Two weeks ago, a 30-year-old man from a family Whaley said she’s known for two decades overdosed twice in one week.
Whaley said she would stick with expanded Medicaid, which has provided hundreds of millions of dollars for drug treatment and mental health coverage, and she applauded the GOP-led Ohio House for carving out an additional $170 million to fight the opiate crisis. But she said more needs to be done, particularly for recovering addicts who are fresh out of treatment programs or jail.
Republicans hold all statewide elected offices — except for one seat on the Ohio Supreme Court and one U.S. Senate spot. By the time Kasich finishes his term next year, the GOP will have held the governor’s office for 24 of the past 28 years.

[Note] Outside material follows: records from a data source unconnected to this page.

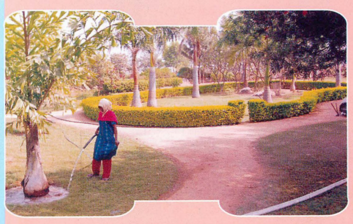
Fully Developed park at Central Park-II

All development works have been completed long back. Plot registrations are being carried out. There have been ULC notices to the earlier land owners of 30 yrs vintage, which are being contested. We are making all out effort to ensure that the lands are cleared from ULC. We are also vigorously trying to obtain the final layouts approval from HUDA. In the meanwhile, members whose plots are yet to be registered, are requested to clear their dues and get their plots registered at the earliest.
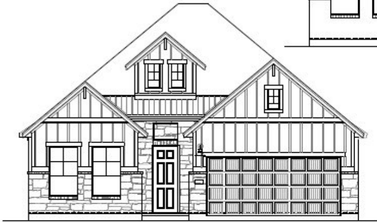
FRONT ELEVATION 'A1' STONE OPTION
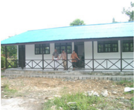
KBMY School Facility in Kwamki Lama

The new KBMY facility in Kwamki Lama , Timika is nearing completion . The building was donated to KBMY but lacked many basic features necessary for use as a school. Financial assistance from PEP and other KBMY benefactors allowed KBMY to build bathrooms , an office , install electrical wiring , lighting , floor tile, windows, doors , paint and roof repairs all of which have been completed. With the additional funds raised by the car wash and direct donations PEP can assist in the purchase of furnishing to truly make this a great learning environment for the kids.
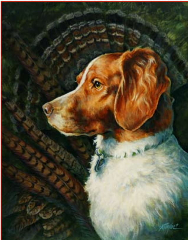
"Ready and Waiting", a head study of an alert Brittany, dreaming of Opening Day. The game bird feathers represent the visions in its mind... Original painting is acrylic on board; both the original and limited edition prints are available.
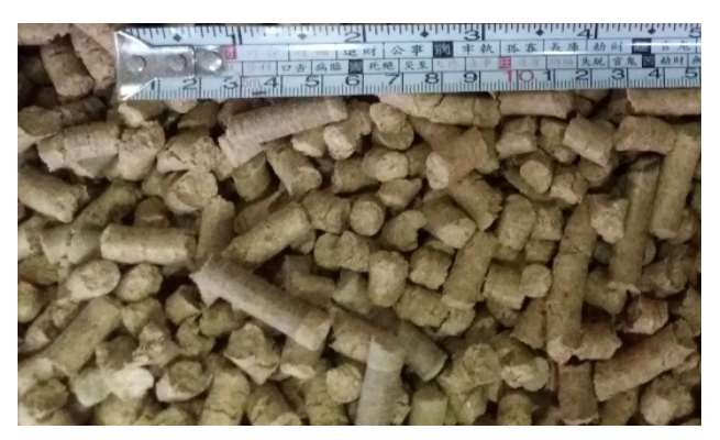
Figure 7. Rice straw pellets

Pelleted products are shown in Figure 7. The length of the straw pellets was in the range of 2-3 cm. The final moisture content (wet basis) of pellets was from 7.53 to 7.97%. The density of the straw pellets was 666 kg.m<sup>-3</sup>. In addition, the average specific mass of a straw pellet was identified at 1,244 kg.m<sup>-3</sup>, higher by 1000% than that of loose straw. This product also has another advantage such as preventing straw floating in water in some further processing such as anaerobic digestion.
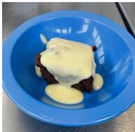
Chocolate Cake & Custard
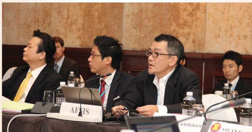
The Consultation Meeting during 22-24 October 2012, Bangkok, Thailand
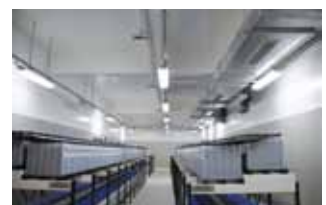
PDO Explosion Proof Lighting
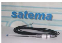
PH electrodes with electrolyte reserve
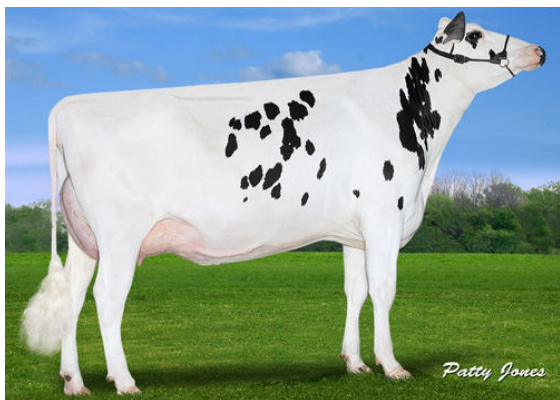
CLAYNOOK COLITA BOMBERO FOURTH DAM
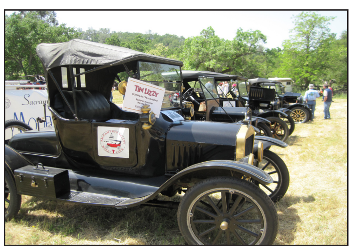
Display by the Model T club after the auto parade and the Lincoln Highway tour
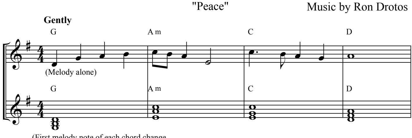
(First melody note of each chord change, with the full chord below)

This is a very important technique. Playing both chords and melody with your right hand may be a little tricky at first because you have to think of chords in a new way: visualizing them from the "top down" instead of building them up from the root. But don't worry: once you do this on a few songs it'll start to come easier for you. In the next lesson, we'll learn how to play the harmonies along with the full melody with your right hand.
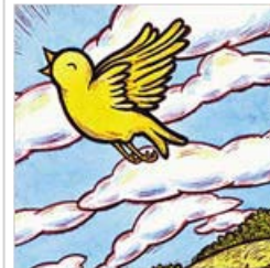
Special Section: Children's Books

To capture the governor’s office, Whaley will have to win her party’s nomination, build her statewide profile, raise $20 million and beat the Republican opponent. Well-known and well-funded candidates on the GOP side include Ohio Attorney General Mike DeWine, Secretary of State Jon Husted, U.S. Rep. Jim Renacci of Wadsworth and Lt. Gov. Mary Taylor.
“I think it’s going to be a blast. I’m really excited about it. I’m terrified too, right? It’s a really big state. But, look, I love the chance to get to talk to Ohioans about how I think Ohio can be better,” she told the Dayton Daily News. “I am so honored I get to do this work. I get to get up every morning, think about how we can fight for Ohio and make our communities and our state better. There is nothing better than that.”